Production builders understand this strategy better than anyone — by offering three to five standard home designs in their developments, they are better able to manage construction. They may personalize each design slightly to meet the needs of a variety of buyers, but they’re generally well optimized for both the buyer and the builder. 

4 – Limit Variables

Limiting home designs is not the only way to reduce uncertainty — limiting variables in finish selections is a great strategy to anticipate margins. 

For example, if you are a fixed-price builder and custom cabinets are available for every home, you may have difficulty estimating the cost from home to home.  

Flooring is another example that has seemingly limitless variables in material and labor costs. Many hours can be lost pricing out exotic tile materials and complicated installation patterns, only for the customer to try to negotiate on price later. A much better approach is a predefined and comprehensive list of personalization options in addition to consistency in home designs for vendor management. When you limit the variables, you see fewer change orders. The fewer the change orders, the more predictable the costs. 

5 – Create Economies of Scale

When General Motors builds cars, they know the exact cost because they are built frequently and on a predictable schedule. While homes are not built as quickly as cars, you can apply the same principles when it comes to purchasing. 

Planning in advance and knowing the amount of materials needed will create economies of scale that can lower your cost structure.

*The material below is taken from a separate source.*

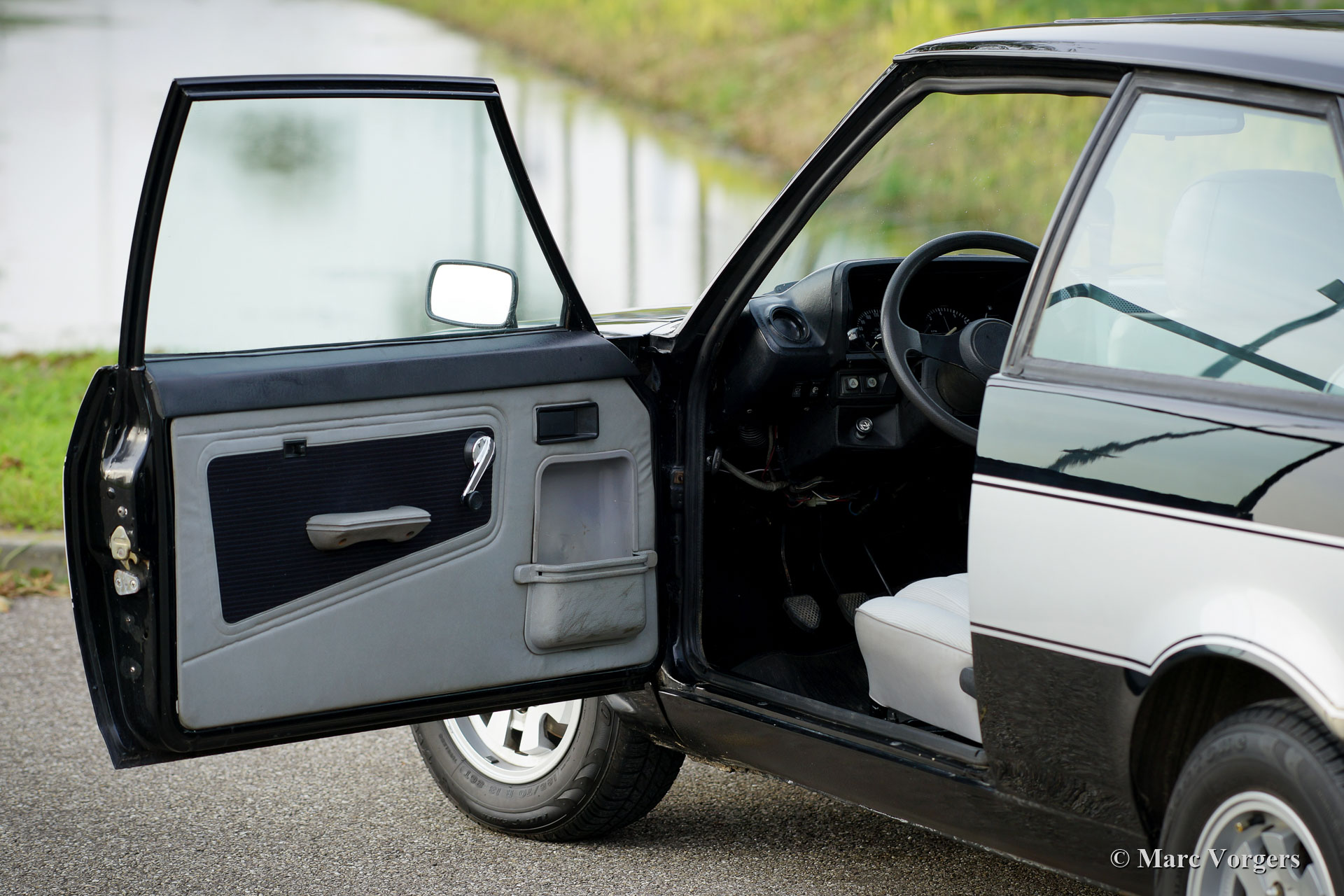 Talbot Sunbeam Lotus, année 1980. Couleur « Embassy Black » avec rayures gris argent associées à un intérieur en tissu gris / noir. C’est une rare Talbot Sunbeam Lotus en état très original, et très bien entretenue. Seules 2308 exemplaires de la Talbot Sunbeam Lotus furent construits de 1977 à 1980. Il s’agit d’une véritable voiture de collection, construite en 1979 et immatriculée pour la première fois en 1980. Elle fait partie d’une collection de voitures particulières aux Pays-Bas. La voiture est bien documentée avec les documents néerlandais et les certificats du Sunbeam Lotus Owners Club. La voiture a récemment été minutieusement inspectée et entretenue par SJ-Sportscars en Grande-Bretagne. Une nouvelle courroie trapézoïdale (de distribution) a été installée, le mécanisme de direction et l'alternateur furent renouvelés, et un nouvel échappement en acier inoxydable fut installé, y compris le collecteur. De plus, le moteur était parfaitement réglé. Le Talbot Sunbeam Lotus est équipé d’un puissant moteur Lotus de 2174 cm3 à quatre cylindres d’une puissance de 145 ch. La boîte de vitesses est une unité à 5 vitesses avec un agencement « dog leg » de course / rallye (première vitesse à l’endroit où vous vous attendez habituellement à trouver la deuxième vitesse). La voiture est équipée d'un entraînement de roue arrière ! Du fait de sa forme et sa taille, on pourrait s’attendre à ce que la Sunbeam Lotus soit un concurrent de la VW Golf GTI… Oubliez ça, la Sunbeam Lotus est une voiture de sport PLUS puissante et agressive qui était également utilisée dans les championnats de rallye. En 1981, le Talbot Sunbeam Lotus a étonné le monde en remportant le championnat du monde des rallyes en affrontant l’Audi Quattro, la Renault 5 Turbo, la Fiat 131 Abarth, la Ford Escort RS1800 et la Toyota Celica 2000GT !

By building a backlog of presales and evenly spacing starts throughout the year, you can get in the habit of issuing predictable streams of purchase orders for trade partners and suppliers lowering your cost structure even further. 

6 – Facilitate the Trades

Economies of scale don’t just apply to pieces and parts they’re just as valuable when it comes to trade partners. 

If you consistently build a handful of home designs, it’s easy to determine standard pricing with your trades. When they know how many electrical outlets to install and that you will be specifying the same products on each job, they can be very precise with their estimates and purchasing. 

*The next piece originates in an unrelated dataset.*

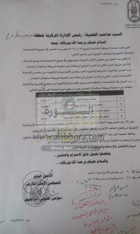 1 ـ سد العجز في المعلمين والموجهين بالأزهر في جميع التخصصات والمراحل يكون عن طريق الندب الداخلي الكلي أو الجزئي أو بنظام الحصة شريطة اكتمال النصاب.

This consistency also allows trade partners’ crews to be more efficient. They may be able to rough two homes a day instead of spending several days on a single custom home, optimizing costs for your home building business and turning yourself into a “builder of choice” for them. 

7 – Use Peers to Benchmark

An area where production and Franchise Builders have a distinct advantage is pricing — with their large network of peers who are willing to share timely data, they can make useful comparisons and shrewd decisions. 

With over 75 builders in the Epcon network, there are a lot of experienced people to call and valuable data shared monthly to sift through. With those benchmarks, you’ll quickly know if you’re in line or not. You’ll also have a powerful negotiating tool in your pocket when you go back to your vendors and partners. 

8 – Keep a Tight Schedule

If you take the advice above and create consistency in floor plans and options, you’ll keep your vendors on track at a reasonable 100-120-day schedule. That will allow you to keep turning over your inventory. 

9 – Continue Learning

There’s one more way to improve profitability, and it doesn’t take a lot of extra effort – just a few questions. 

The army does what it calls an “after-action” following any engagement. They get their departments or disciplines together after a project and ask what went well, what didn’t and where they can improve. You can do this too. 

Every quarter, get your team together and do a key performance indicator (KPI) review on your most recent closings. Find out how you did on costs, cycle time and customer satisfaction. If you missed targets, find out why and make a plan to improve. Learning is the key to continuous improvement. 

If you don’t have the resources of a larger builder, you have two choices. You can either join one or apply the same fiscal disciplines they used to become one. Be prepared, be precise and be strategic. That’s the not-so-secret secret and it’s as true today as it’s ever been.